The Wrongful Blackballing of Salam Fayyad
The Trump administration has blocked the former Palestinian prime minister from a new diplomatic post.
With the flurry of daily tweets coming out of the White House, an important piece of news was truly underreported last week. On February 10, the President Donald Trump administration blocked the appointment of Salam Fayyad, former prime minister of the Palestinian Authority, to become the United Nations special representative for Libya. There are two explanations: Either the administration did no research or background check before taking this knee-jerk action, in which case it should now do its homework and reverse a bad decision. If, however, the administration acted after careful consideration, this is yet another worrying sign of plain stupidity and blatant bias on the part of our newly sworn-in administration.
I met Fayyad in June 2002 when I was serving as the United States ambassador to Israel, and he was appointed as finance minister of the Palestinian Authority (PA). Fayyad assumed office in the midst of a very severe financial crisis in the PA, which was almost insolvent. The background to Fayyad’s appointment and, more importantly, what followed, should convince the Trump administration to issue a mea culpa, apologize to Fayyad and welcome his UN appointment.
The PA financial crisis started in September 2000, shortly after the outbreak of the second Palestinian Intifada or uprising. In response to Palestinian violence, Israel suspended the payments of customs and taxes that it was collecting at Ashdod port on Palestinian imports. This arrangement had been agreed on in 1994 as part of the Oslo peace process, and it had worked efficiently for about six years. The collected fees, totaling more than $100 million monthly, became the financial lifeline of the Palestinian Authority — far larger and more important than international aid.
Israel’s decision to suspend these payments was not taken lightly by the Israelis: They knew how important these payments were to the health of the PA but argued that Israel could not be expected to provide the funds that Palestinians were using to purchase weapons and fund terrorism and violence against Israelis. The Israelis kept an accounting of the unpaid funds and deposited them in an escrow account. Efforts to persuade Israel to release the sequestered funds and resume monthly payments ran into a problem: They did not trust the then-president of the PA, Yasser Arafat, to manage the money properly and thus, as long as he controlled all Palestinian finances, Israel refused to release the sequestered funds.
Enter Salam Fayyad, a well-known and highly respected official, with a PhD from the University of Texas and a position with distinction in the World Bank and chairman of a large Arab bank. Under tremendous pressure from inside Palestine and from the international community, Arafat appointed Fayyad to take charge of Palestine’s finances. The transformation was immediate: Fayyad put the Palestinian budget online and promised transparency in the management of the economy, a welcome relief from the corruption and cronyism prevailing under Arafat’s rule.
After discussing the impact of Fayyad’s appointment with the American consul general in Jerusalem, I invited Fayyad and a senior Israeli official for lunch at my residence within a couple of weeks of Fayyad’s appointment.

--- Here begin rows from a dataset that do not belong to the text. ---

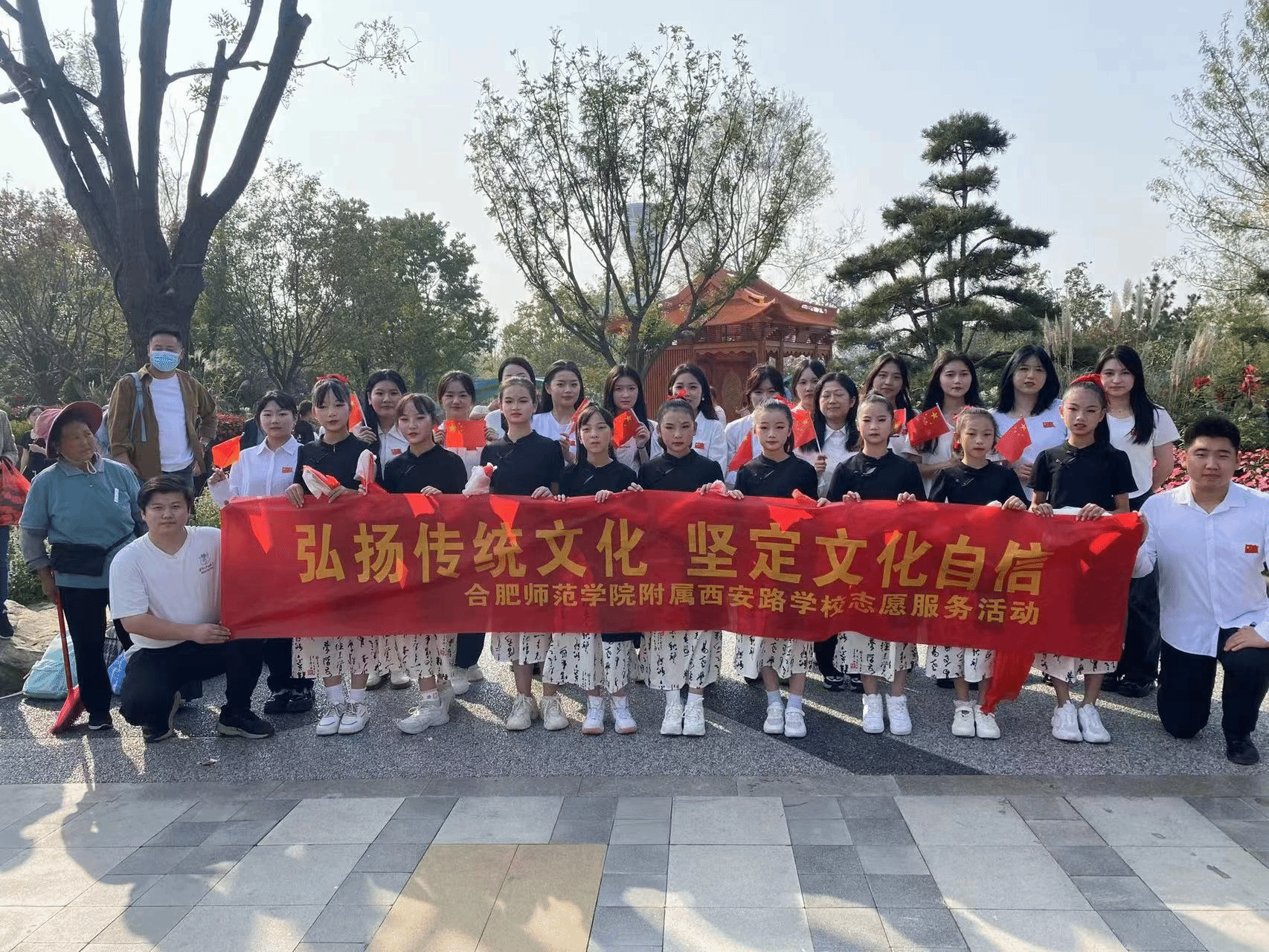 为了深入学习贯彻党的二十大精神,弘扬民族文化,坚定文化自信,10月28日下午音乐学院学生党支部组织预备党员及入党积极分子同beat365在线唯一官网附属西安路小学的3名带队老师和20名志愿服务学生赴合肥园博园参加志愿活动。
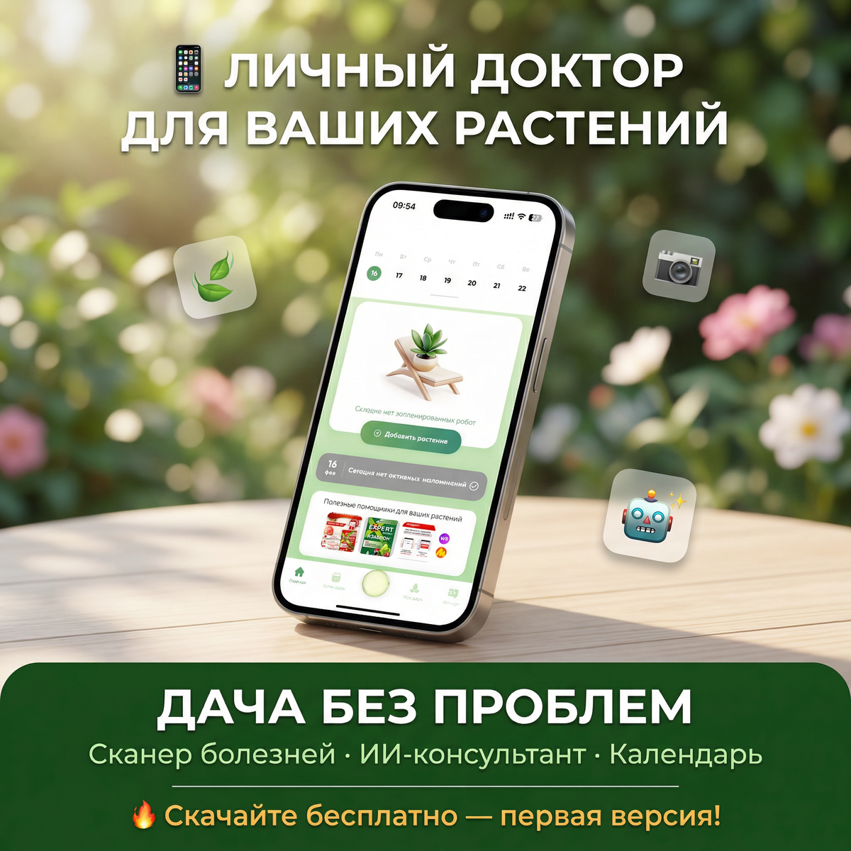 Друзья, это свершилось! Мы запустили первую версию нашего мобильного приложения «Дача Без Проблем». Больше не нужно гадать, почему пожелтел огурец или кто ест вашу капусту. Теперь у вас есть личный ИИ-помощник, который работает 24/7. Что полезного внутри? 1. Сканер болезней и вредителей Просто наведите камеру на больной лист. Искусственный интеллект мгновенно определит проблему (фитофтора, клещ, хлороз и тд.) и выдаст четкую схему лечения. Никаких «может быть», а только точный диагноз. 2. Умный чат-бот Задайте любой вопрос: «Когда сажать морковь в Подмосковье?», «Чем подкормить петунию?». Бот ответит мгновенно, опираясь на базу знаний профессиональных агрономов. 3. Календарь работ Приложение напомнит, когда пора сеять, поливать и обрезать, учитывая погоду в вашем регионе, главное правильно поставить ему задачу. Скачивание сейчас абсолютно БЕСПЛАТНО! Мы только стартовали и очень хотим сделать продукт идеальным для вас. Пробуйте, тестируйте, лечите свои растения! Скачать можно по ссылке
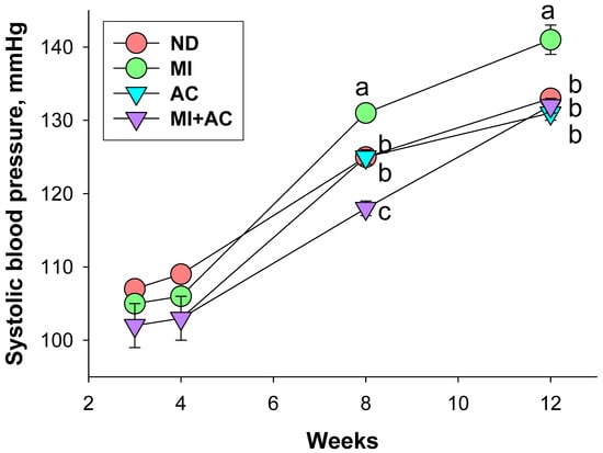 Effect of minocycline administration (MI) and acetate supplementation (AC) on systolic blood pressure in offspring from 3 to 12 weeks of age (n = 7–8/group). The letters a, b, and c denote significant differences between groups (p < 0.05, two-way ANOVA). ND = rats received vehicle (control); MI = rats received minocycline; AC = rats received acetate; MI + AC = rats received minocycline and acetate administration.

During the lunch, I asked straightaway whether an opening had been created by Fayyad’s appointment to start discussing a process for resuming the monthly payments and drawing down the sequestered funds, which by then totaled between one and two billion dollars.

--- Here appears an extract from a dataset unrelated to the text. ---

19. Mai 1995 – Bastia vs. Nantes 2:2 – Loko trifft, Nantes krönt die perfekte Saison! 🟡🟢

The ice having been broken, senior Israeli officials and Fayyad started intensive negotiations, often involving me and Embassy experts, designed to find a formula to solve the problem. The Israelis wanted, and Fayyad agreed to, full transparency with respect to the PA’s utilization of the transferred funds. The Israelis demanded, and Fayyad agreed to, an international accounting firm to sit in Ramallah and oversee Palestinian finances. At the request of the two sides, the United States agreed to cover these costs. Within a few months, Fayyad and the Israelis reached agreement, the monthly payment resumed and the drawdown of sequestered funds began. Trust had been created between the two sides, so much so that they agreed there was no need for the international accountant.
This is the Salam Fayyad that the Trump administration blackballed, the same Fayyad who administered Palestinian finances with care and integrity, the same Fayyad who was appointed as Palestinian prime minister and who earned the trust of the Israeli government headed by Ariel Sharon. Indeed, it is the same Fayyad who emerged from the maelstrom of Palestinian politics as incorruptible and universally respected.
Salam Fayyad deserves a hearty thank you from the United States for his service in the cause of good government and peace. Fayyad deserves strong U.S. support as the UN’s special representative to Libya.
Daniel C. Kurtzer is a former U.S. ambassador to Israel (2001-2005) and Egypt (1997-2001). He is the S. Daniel Abraham Professor in Middle Eastern Policy Studies at Princeton University’s Woodrow Wilson School of Public and International Affairs.